Here is the new code:

import numpy as np
def example5():
    numberOfClones = 2
    fixedMultiplier = 10000
    fixedOffset = 5
    
    aDatasource = pipeline.Datasource()
    aDataVisualizationPlugin0 = DataVisualizationPlugin()
    aDataVisualizationPlugin1 = DataVisualizationPlugin()
    
    aMultiplicationPlugin = MultiplicationPlugin()
    aMultiplicationPlugin.setValue(fixedMultiplier)
    
    anAdditionPlugin = AdditionPlugin()
    anAdditionPlugin.setValue(fixedOffset)
    
    aCloneDatasource = pipeline.CloneDatasource(numberOfClones)
    aDatasink0 = pipeline.Datasink()
    aDatasink1 = pipeline.Datasink()
        
    aDatasource.setName("Our Datasource")
    aDataVisualizationPlugin0.setName("Our DataVisualizationPlugin for multiplication")
    aDataVisualizationPlugin1.setName("Our DataVisualizationPlugin for addition")
    aMultiplicationPlugin.setName("Our aMultiplicationPlugin")
    anAdditionPlugin.setName("Our anAdditionPlugin")
    aDatasink0.setName("Our aDatasink for multiplication")
    aDatasink1.setName("Our aDatasink for addition")
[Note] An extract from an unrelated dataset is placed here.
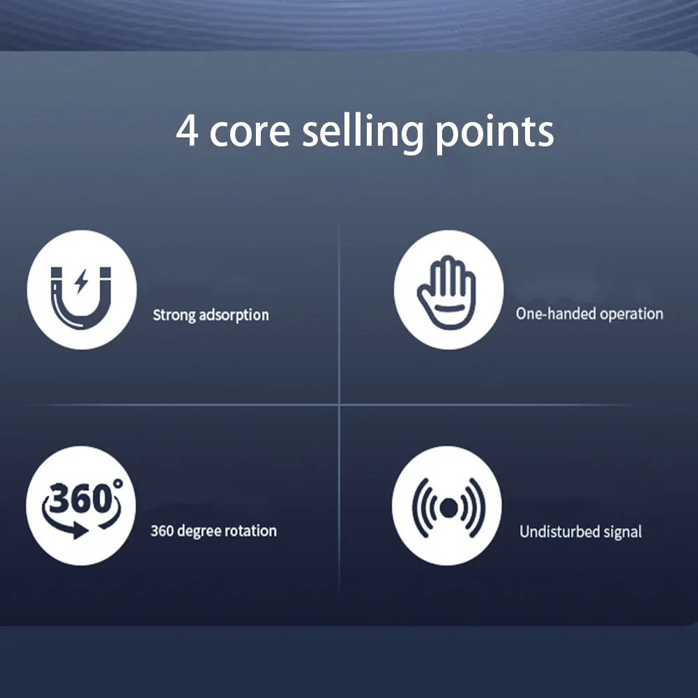 1.Fuerza magnética superior:Nuestro soporte magnético para automóvil cuenta con un panel metálico circular equipado con 32 imanes de neodimio N52, que brindan la mayor fuerza magnética de la industria para mantener su dispositivo en su lugar de forma segura.

    aDatasource.setOutput(aCloneDatasource)
    aCloneDatasource.setOutput(aMultiplicationPlugin,0)
    aCloneDatasource.setOutput(anAdditionPlugin,1)
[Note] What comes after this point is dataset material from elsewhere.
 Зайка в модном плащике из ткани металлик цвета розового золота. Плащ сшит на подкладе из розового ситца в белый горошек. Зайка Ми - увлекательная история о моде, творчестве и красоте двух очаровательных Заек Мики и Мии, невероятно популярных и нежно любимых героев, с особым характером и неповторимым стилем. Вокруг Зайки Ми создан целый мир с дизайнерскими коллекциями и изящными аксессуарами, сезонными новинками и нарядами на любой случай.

    aMultiplicationPlugin.setOutput(aDataVisualizationPlugin0)
    anAdditionPlugin.setOutput(aDataVisualizationPlugin1)    

    aDataVisualizationPlugin0.setOutput(aDatasink0)
    aDataVisualizationPlugin1.setOutput(aDatasink1)
    
    for n in range(100):
        aDataframe = pipeline.Dataframe()
        aDataframe.setFrameNumber(n)
        aDataframe.setData(np.random.random(1))
        aDatasource.addDataframe(aDataframe)
        aDatasource.run() 

The output looks like this:

...
Hello from:  Our DataVisualizationPlugin for multiplication  ID:  65446302
Frame number:  99
The data value is:  [9722400.62683906]
Hello from:  Our aDatasink for multiplication  ID:  47053347
Frame number:  99
Hello from:  Our anAdditionPlugin  ID:  16880615
Frame number:  99
Hello from:  Our DataVisualizationPlugin for addition  ID:  91610042
Frame number:  99
The data value is:  [5.97224006]
Hello from:  Our aDatasink for addition  ID:  33470743
Frame number:  99

Although the new code is admittedly larger, it is not really any harder to understand than the previous example.